Chocolate milk brand Slate Milk raises additional $3.3m in seed round, expands distribution to 4,000 stores


 Slate Milk ​has grown 300% in the past year and increased its head count from three to 30 employees, said co-founder Manny Lubin, who claims Millennials love chocolate milk, but want something with more protein and less sugar in a format that’s “a bit more hip than that bottle of YooHoo​.”

The Slate brand is still learning what is resonating with shoppers, but key usage occasions include breakfast, the 3pm pick-me-up, post workout and late night treat,​ said Lubin, who founded the company with college friend Josh Belinsky in 2018.

The heaviest users are “active millennials and healthy-minded parents, typically aged 20-44, that are exercising weekly, trying to increase protein and decrease sugar in their (or their children’s) diet,” ​Lubin told FoodNavigator-USA.

“Our repeat purchase rate online in the past 30 days is double from what it was all of 2020, and we believe it’s due to not only the taste improvement​ [the brand recently went from 17g protein and 9g added sugar to 20g protein and 0g added sugar], but also the nutritional makeup of the products.”

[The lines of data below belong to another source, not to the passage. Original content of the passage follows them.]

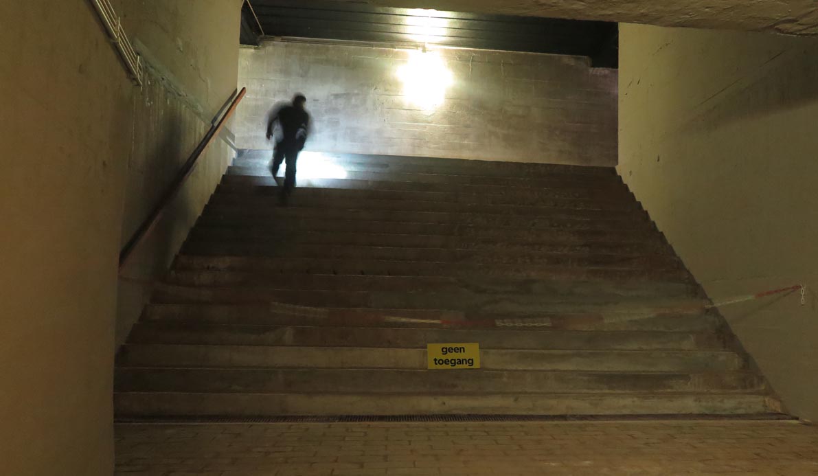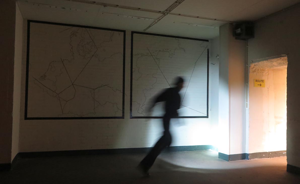 In Jeroen Jongeleen’s praktijk fungeert hardlopen als kunstvorm. Met zijn lichaam en inspanning raast hij door de gangen en zalen, op zoek naar een directe, fysieke dialoog met het gebouw. Met Diogenes’ Bunker, schetst Jongeleen een portret van het gebouw: een tijdelijk lege huls, op het punt om opnieuw in militair gebruik te worden genomen. Zijn guerilla running interventie ontvouwt zich als een tijdelijke ontmoeting met de historisch beladen, brute betonnen architectuur — een onderzoek naar hoe beweging en aanwezigheid een ruimte kunnen activeren en bevragen. ‘Antonius, Patron of Lost Meaning’ is een film opgenomen in een ziekenhuis dat onlangs is omgevormd tot een militair oefenterrein voor stedelijke oorlogsvoering. Jongeleen sloop naar binnen na sluitingstijd en verving onderweg de verschillende 'bewoners' van het gebouw door zelfgemaakte target-practice portretten.
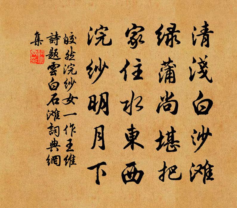 詩詞名句歷史字典書法欣賞書法字典國語詞典說文解字康熙字典古漢語字典標 題 作 者 詩 句 浣紗女(一作王維詩,題雲白石灘)作者:皎然 朝代:唐代原文清淺白沙灘,綠蒲尚堪把。家住水東西,浣紗明月下。詩詞問答問:《浣紗女(一作王維詩,題雲白石灘)》的作者是誰?答:皎然問:該詩寫於哪個朝代?答:唐代書法欣賞浣紗女(一作王維詩,題雲白石灘)書法作品注釋全唐詩:卷818-73詩詞推薦宿禪智寺上方演大師院崔峒〔唐代〕石林高几許,金剎在中峰。白日空山梵,清霜後夜鍾。竹窗回翠壁,苔逕入寒松。幸接無生法,疑心怯所從。菁江林人隱〔宋代〕浮跡東西浙,大江長短亭。潮來遠水白,雨過亂峰青。春夜夢無定,天寒酒易醒。回橈下江渚,杜若滿沙汀。惜花施肩吾〔唐代〕落盡萬株紅,無人解系風。今朝芳徑里,惆悵錦機空。夏日過摩訶池陸游〔宋代〕烏帽翩翩白紵輕,摩訶池上試閒行。淙潺野水鳴空苑,寂歷斜陽下廢城。縱轡迎涼看馬影,袖鞭尋句聽蟬聲。白頭聽歌回馬上贈崔法曹戴叔倫〔唐代〕秋風裡許杏花開,杏樹傍邊醉客來。共待夜深聽一曲,醒人騎馬斷腸回。嘲趙謙光賀遂涉〔唐代〕員外由來美,郎中望亦優。寧知粉署里,翻作土山頭。紫岩九章章八句上壽張丞相張元乾〔宋代〕土宇未復,繄公闢之。士風未變,繄公革之。軍律未振,繄公鼓之。國論未定,繄公斷之。奇見華岳〔宋代〕紅牙催拍燕飛忙,一片行雲繞畫堂。眉黛蹙成遊子恨,臉紅燒故人腸。榆錢不買千金笑,柳帶何須百寶妝。舞罷隔與可墨竹二十韻蘇籀〔宋代〕天工奇水墨,晴景照檀欒。影動嵇阮愛,筍穿淇渭乾。禪翁三昧力,老手一揮間。意匠先鶻落,心造忘筆端。芥胸王梅泉生日惠詩次韻答之牟巘五〔宋代〕堪笑衰翁作計狂,又隨笭箵到魚梁。未秋早覺凋蒲柳,已老安能種豫章。誰似讀騷仍飲酒,有時贊易 * 香。梅邊仇山圖戴表元〔宋代〕仇山山下仇人,白頭宦學走風塵。問渠家住山何處,雲氣漫漫不知路。詩人作事例多痴,逢山且畫且題詩。不如鄰又吟富春沙際〔唐代〕莫問我姓名,向君言亦空。潮生沙骨冷,魂魄悲秋風。頌證道歌證道歌釋印肅〔宋代〕是以禪門了知心,心心心外別無心。如今只是舊時底,不換源機放曠吟。挽衛山齋黃庚〔宋代〕武公後裔有仍孫,德望才名世所尊。擬向山中專注易,忽傳地下趣修文。月樓不復賡詩句,春閣猶思共酒樽。痛恨臨江仙牧常晁〔元代〕午夜金烏從海底,醜初漸出扶桑。大明東向屬三陽。韶華春滿院,無地不生光。直駕河車朝帝闕,泥丸宮飲瓊漿。喜雨李至〔宋代〕沈煙漠漠晦平臯,盡日空濛阻出遨。窗打紙聲聞細點,檻飄花影見凝膏。依稀恨曲添鳴溜,悵望啼妝在小桃。何假過石門方回〔宋代〕麥田下種稻田乾,秋盡江南亦未寒。水淨風微船牽慢,蓴花薀草盡堪看。依韻和吳正仲冬至梅堯臣〔宋代〕流光冉冉即衰遲,物趣迴環似轉規。長景已知今日至,孤懷不比少年時。阻陪上合鴛鸞後,且與南州父老期。況有飛螢鄧肅〔宋代〕穀雨已十日,不散陰雲頑。夜風翼腐草,借光蒲葦間。往來自相照,似欣天地寬。何時東方白,紅日開雲端。花發沁園春黃升〔宋代〕曉燕傳情,午鶯喧夢,起來檢校芳事。荼褪雪,楊柳吹綿,迤邐麥秋天氣。翻階傍砌。看芍藥、新妝嬌媚。正鳳紫名句推薦秦時明月漢時關,萬里長征人未還。王昌齡《出塞二首·其一》 裊裊兮秋風,洞庭波兮木葉下。屈原《九歌·湘夫人》 秋草六朝寒,花雨空壇。朱彝尊《賣花聲·雨花台》 柔條紛冉冉,葉落何翩翩。曹植《美女篇》 世事悠悠渾未了,年光冉冉今如許。吳潛《滿江紅·送李御帶珙》 水上遊人沙上女,回顧,笑指芭蕉林里住。歐陽炯《南鄉子·畫舸停橈》 綠淨春深好染衣。際柴扉。賀鑄《釣船歸·綠淨春深好染衣》 東風不管琵琶怨。落花吹遍。許棐《後庭花·一春不識西湖面》 望處雨收雲斷,憑闌悄悄,目送秋光。柳永《玉蝴蝶·望處雨收雲斷》 達士者,達乎死生之分,達乎死生之分。則利害存亡弗能惑矣。呂不韋《呂氏春秋·覽·恃君覽》
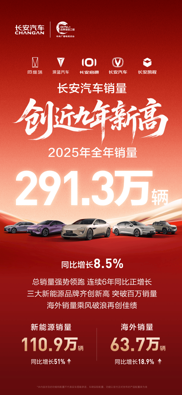 长安汽车2025年劲销2913万辆!近九年销量新高!新能源、燃油车双双向上!九游体育- 九游体育官方网站- 娱乐APP下载
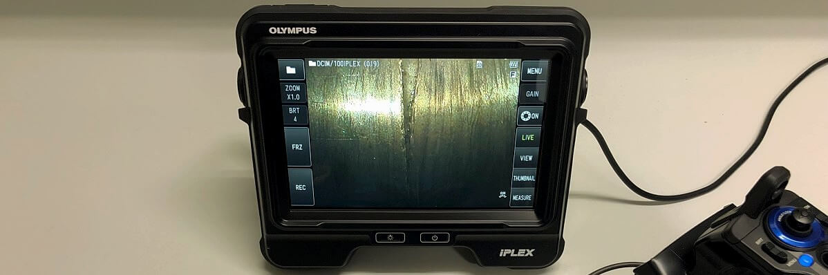 Foto gescheurde buis met een starre endoscoop voorzien van een 70 graden kijkrichting inclusief de CC270 externe camera.
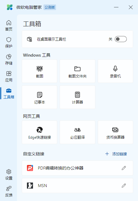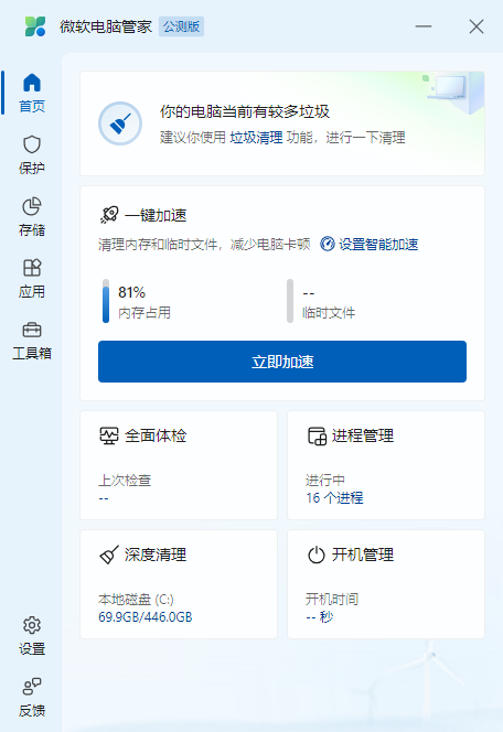 3、界面设计:与360安全卫士相比,微软电脑管家的界面显得更加干净整洁,它是以一个类似QQ界面的长条状显示在桌面上,且软件功能分类明确,一目了然、清晰可见。
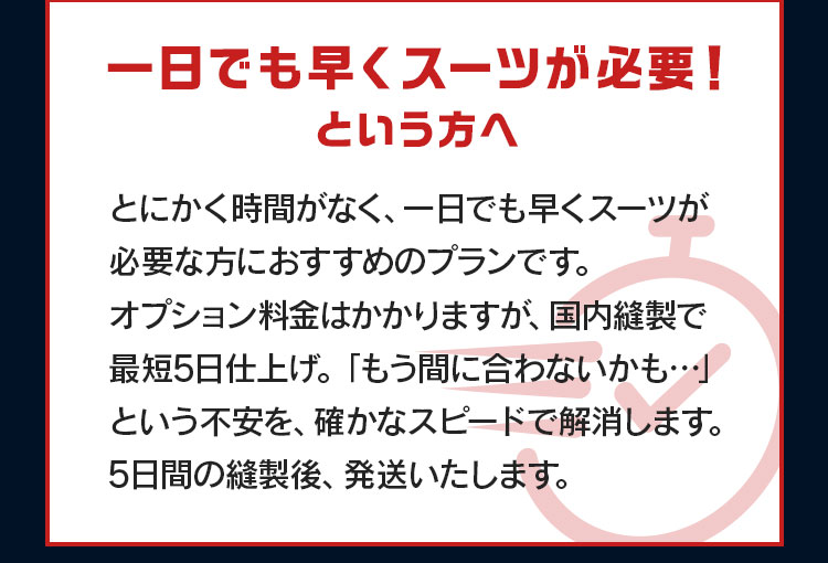 とにかく時間が無く、一日でも早くスーツが必要な方におすすめのプランです。
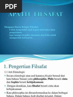 Philos philein berarti suka cinta mencintai dan shophia berarti kebijaksanaan hikmah kepandaian ilmu. Kata philosophia terdiri dari kata philein yang berartilove. Kata filsafat berasal dari bahasa yunani kuno yaitu dari kata philos dan shopia philos sender artinya cinta yang sangat mendalam dan shopia berarti kearifan atau kebijakan filsafat secara harfiah adalah cinta yang sangat mendalam terhadap kearifan atau. Kata filsafat berasal dari bahasa yunani yaitu philosophia yang terdiri dari dua suku kata yakni philos yang berarti cinta atau philia yang berarti persahabatan dan kata sophos yang berarti inteligensi kebijaksanaan keterampilan pengalaman dan pengetahuan.
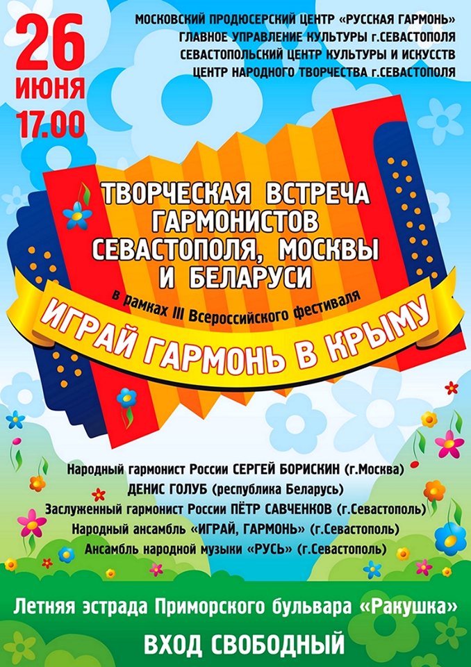 26 июня на Летней эстраде Приморского бульвара «Ракушка» состоится творческая встреча гармонистов Севастополя, Москвы и Белоруссии в рамках III Всероссийского фестиваля «Играй, гармонь в Крыму». Начало в 17:00. Вход свободный.
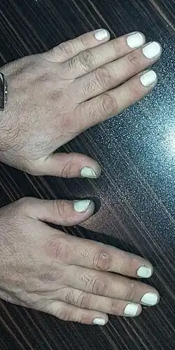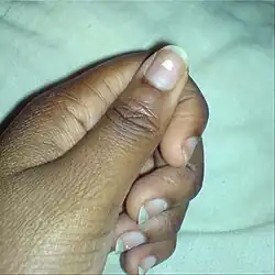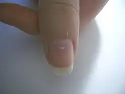 Leukonychia (or leuconychia) is a medical term for white discoloration appearing on nails.[2] It is derived from the Greek words leuko 'white' and onyx 'nail'. The most common cause is injury to the base of the nail (the matrix) where the nail is formed.
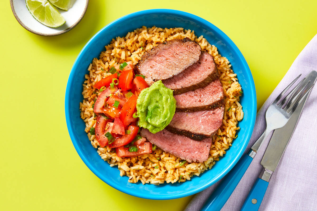 If you take all the best ingredients from a burrito, lose the tortilla, and serve them in a bowl, that’s what we’re serving up! You’ll sear marinated steak seasoned with our bold Mexican spice blend to juicy perfection, then nestle it on top of zesty garlic rice, and serve with tangy marinated tomato and a big dollop of guacamole. Add a squeeze of lime juice just before digging in, and in 25 quick minutes you’re ready for this delicious at-home spin on a burrito bowl.

‘The product has been very well received by the fitness and sports communities’

Retail partners include Harris Teeter, Giant Food, Giant Martin’s, Wakefern, Hannaford, Bristol Farms, Central Market, Whole Foods,Wegmans, and Publix, said Lubin, who says the brand is now sold in around 4,000 stores as well as online at slatemilk.com and Amazon.

We are now sold in dozens of gyms and fitness centers across the country, and also now sell to a handful of professional sports teams. This is a channel we are starting to put more of a focus on as the product has been very well received by the fitness and sports communities due to its high protein and low sugar content.”